May 062012
Authors: Bailey Constas

Echoing from the sides of CSU’s Rockwell Halls at 11 p.m. you can hear skateboard wheels rolling across pavement and grinding against benches. There you’ll find a group of students turned skaters.

It’s not just a popular form of transportation –– it’s an overlooked culture for students.

Freshman Adam Concannon builds his own fixed gear bikes to fit his own specifications and style. He has been riding “fixie’s” for less than a year, but has skated his whole life and has enjoyed the Fort Collins skate scene.

“All the parks are awesome. Northside is awesome, Spring Canyon is cool.

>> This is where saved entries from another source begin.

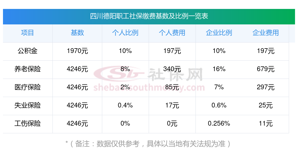 据新社通app小编了解,2023-2024年四川德阳社保缴费基数参照为3579.00,四川德阳社保最低一个月要交多少钱?如下:
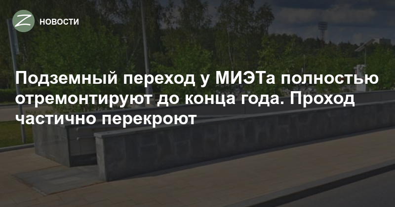 В пешеходном тоннеле возле остановки «МИЭТ» на Центральном проспекте заменят облицовку, лестницы, парапеты, перила, светильники, отремонтируют пол, ступени и инженерные сети. На это даётся два месяца. Проход по тоннелю обещают не перекрывать.
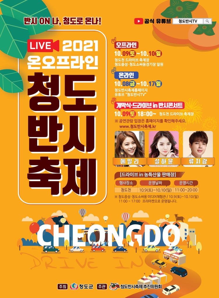 축제 프로그램 영상은 유튜브 채널(청도반시 TV)에서 실시간 시청할 수 있다.
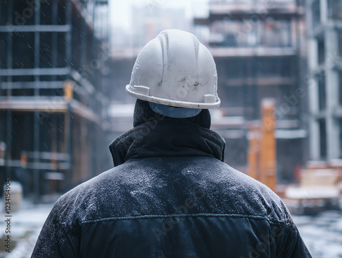 © Maksim Shebeko, Obraz premium A focused worker in a white hard hat stands with his back to the viewer, taking in the snow-covered construction site. The atmosphere conveys dedication and determination amidst winter's chill.
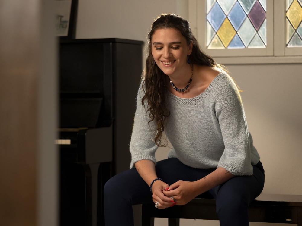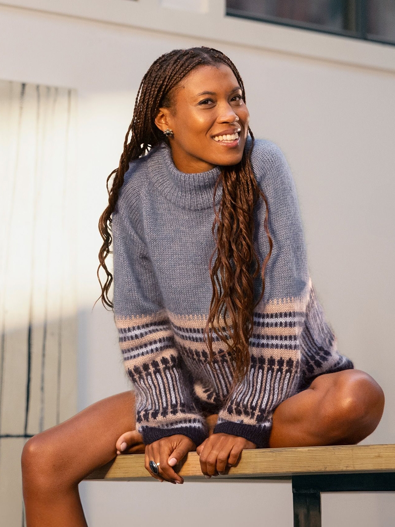 LeKnit Rosie Yoke Sweater Strikkepakke Peer Gynt og Tynn silk mohair
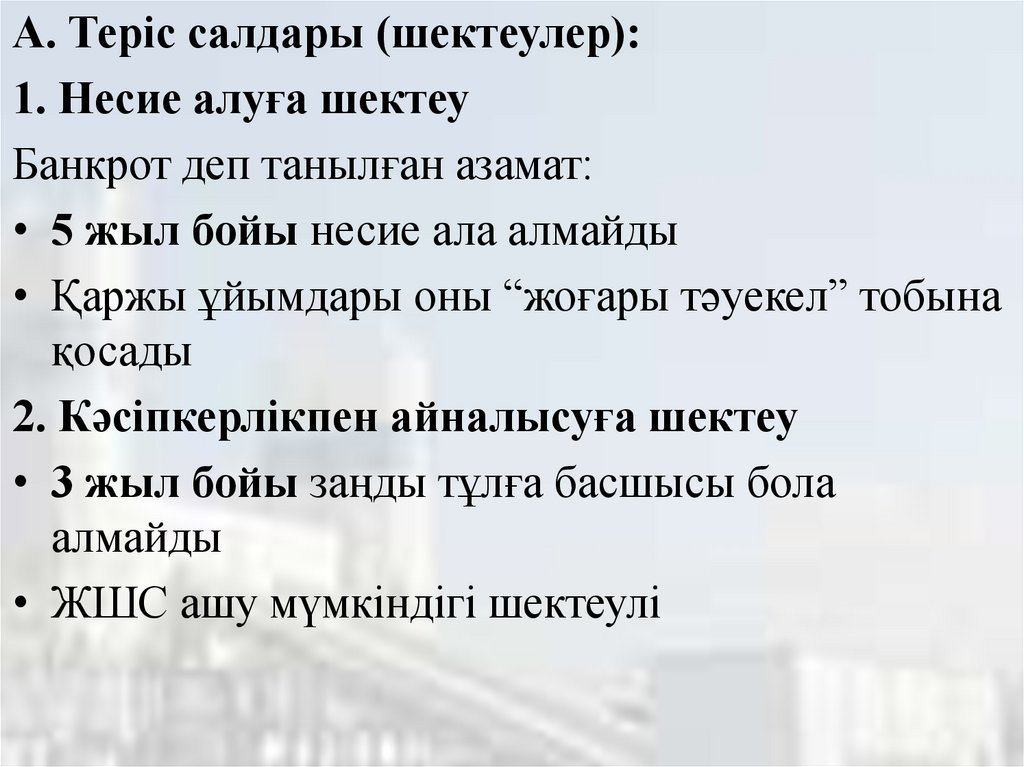 А. Теріс салдары (шектеулер):1. Несие алуға шектеу

I’ve heard they’re building a new one. But all the kids are pretty rad and the scene is awesome,” he said.

In Thornton and Denver, where Concannon is from, he explained there are some traces of a skating community, but not as much as Fort Collins.

“In Denver they just want to show up everyone, but (in Fort Collins) these kids grow up together and develop their skills,” said Concannon. “They’re a family and they want see each other do well.”

Cody Oliver, a freshman skater also from Denver, agreed.

“In Fort Collins people are a lot tighter. Everybody knows everybody and everybody is friendly,” Oliver said. “In Denver there’s just way too many people. Here it’s a smaller scene, but the kids are more dedicated.”

Concannon has noticed a rivalry between bikers and skaters, but more of a tension between longboarders and scooters.

“In Arvada you’ll see 20 kids cruising through with $300 Razor carbon fiber scooters,” Concannon said. “The two attract different types of people and different attitudes. It also just depends on the person … bikers are more our allies in this war.”

Oliver put it differently.

“If a biker were to ever hit a skater, every skater in the park would just beat the s*** out of them,” he said.

This kind of bond is not just in Fort Collins, Oliver added. Skaters tend to stick with skaters and bikers need to be cautious.

“A skateboard is so much smaller and so less dangerous and a bike can do so much more damage, and they can go super fast,” Oliver said. “Bikers just need to be careful, just as long as they’re not irresponsible.”

Tensions aside, Concannon can’t get enough of the sport he loves.

“It’s a release from school and the everyday stresses,” he said. “It’s good to clear your mind and refocus.”

Concannon has ended up at the Northside Aztlan Community Center at night or taken a ride to Horsetooth Reservoir.

“It’s a good way to release, have fun and meet people,” said Concannon.

Oliver began skating in sixth grade and has continued ever since.

“It’s like my creative outlet, it’s how I release my creativity,” he said.

But it’s not always a good time. Concannon was fined $75 for riding down College Avenue two weeks ago.

“It’s crappy because skateboards are defined by law as toys in Colorado. So I was fined $75 for playing with a toy.”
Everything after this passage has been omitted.